O’Horten

Odd is his name and odd is his movie. "O’Horten," a Norwegian film that opened here yesterday, is a very different film, which is the kindest way to describe a…

Odd is his name and odd is his movie.

"O’Horten," a Norwegian film that opened here yesterday, is a very different film, which is the kindest way to describe a movie written and directed by Bent Hamer.
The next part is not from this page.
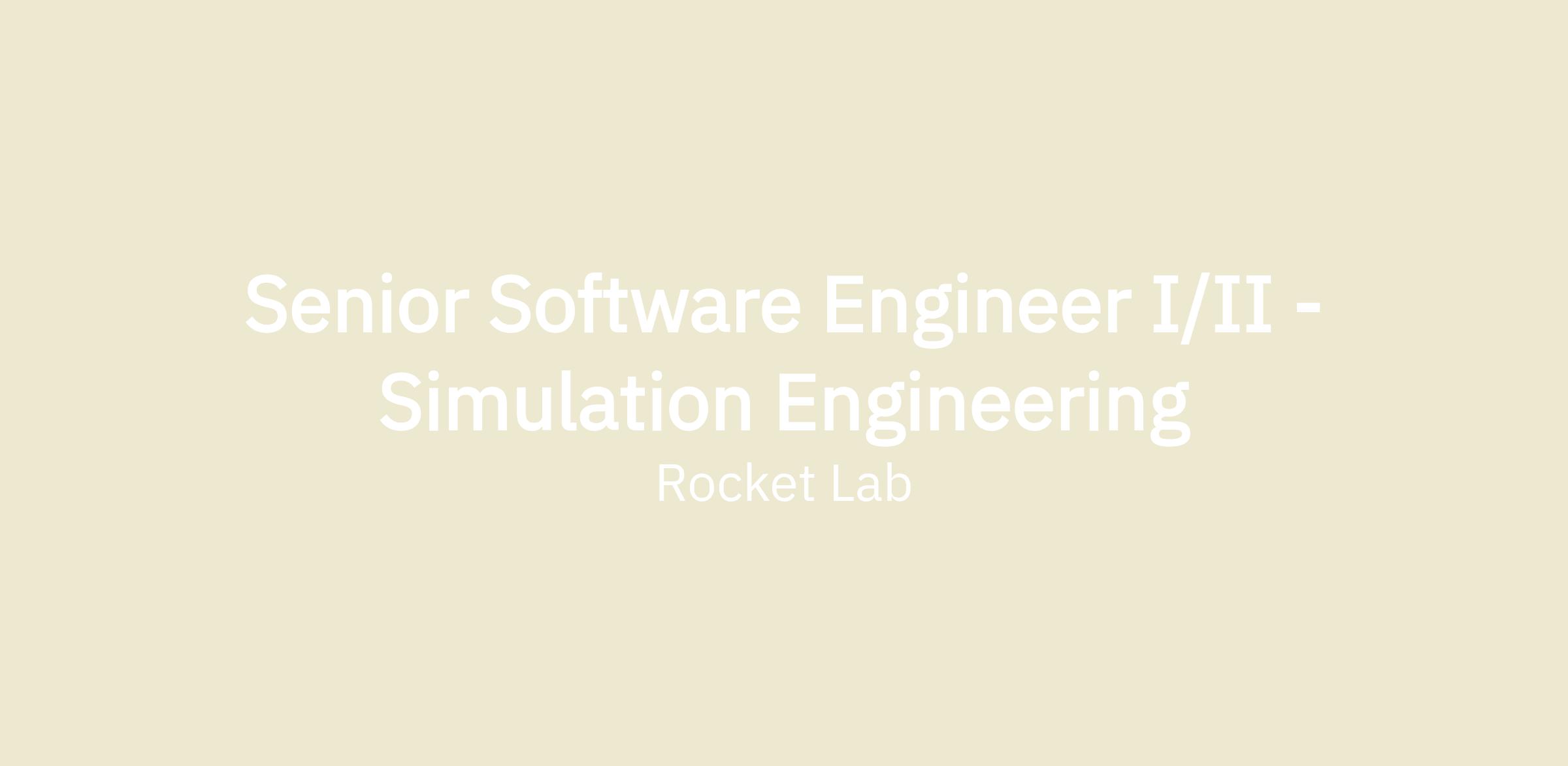 SENIOR SOFTWARE ENGINEER I/II – SIMULATION ENGINEERING

Odd Horten, played with wonderfully dead-pan skill by Baard Owe, is an engineer on the Oslo-Bergen railroad line, a beautiful trip through the mountains across the country.

He’s a man of extreme silence, with a woman friend in Bergen, perhaps one in Oslo, as Sir Alec Guinness had in "The Captain’s Paradise." He’s also a man of rigid habits; he says little and he lives his life in a dedicated routine.
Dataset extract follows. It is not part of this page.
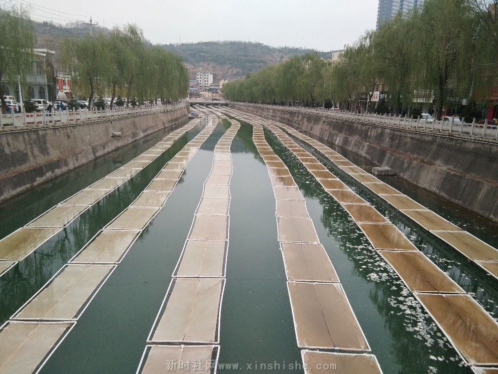 近几年,宜川仕望河河水污染严重。今年,县政府下狠心治理。采取铺膜吸油,打捞手段治理河污!

Either way, he has reached the end of the line. It’s time to retire, to take his gold watch.

But he and some railroad companions go out for a drink, and, in his own way, Horten gets into trouble. Looking for a friend who works at an airport, a place Horten has never visited, he goes wandering around the tarmac, can’t understand the furor when he lights his pipe. Later, deeply into his cups and trying to connect with a woman, he climbs into the wrong window and lands in a small boy’s bedroom.

Hamer is a writer with dry wit, and a director who goes, very simply, from point A to point B. But "O’Horten" is just too dry and too simple to offer much entertainment.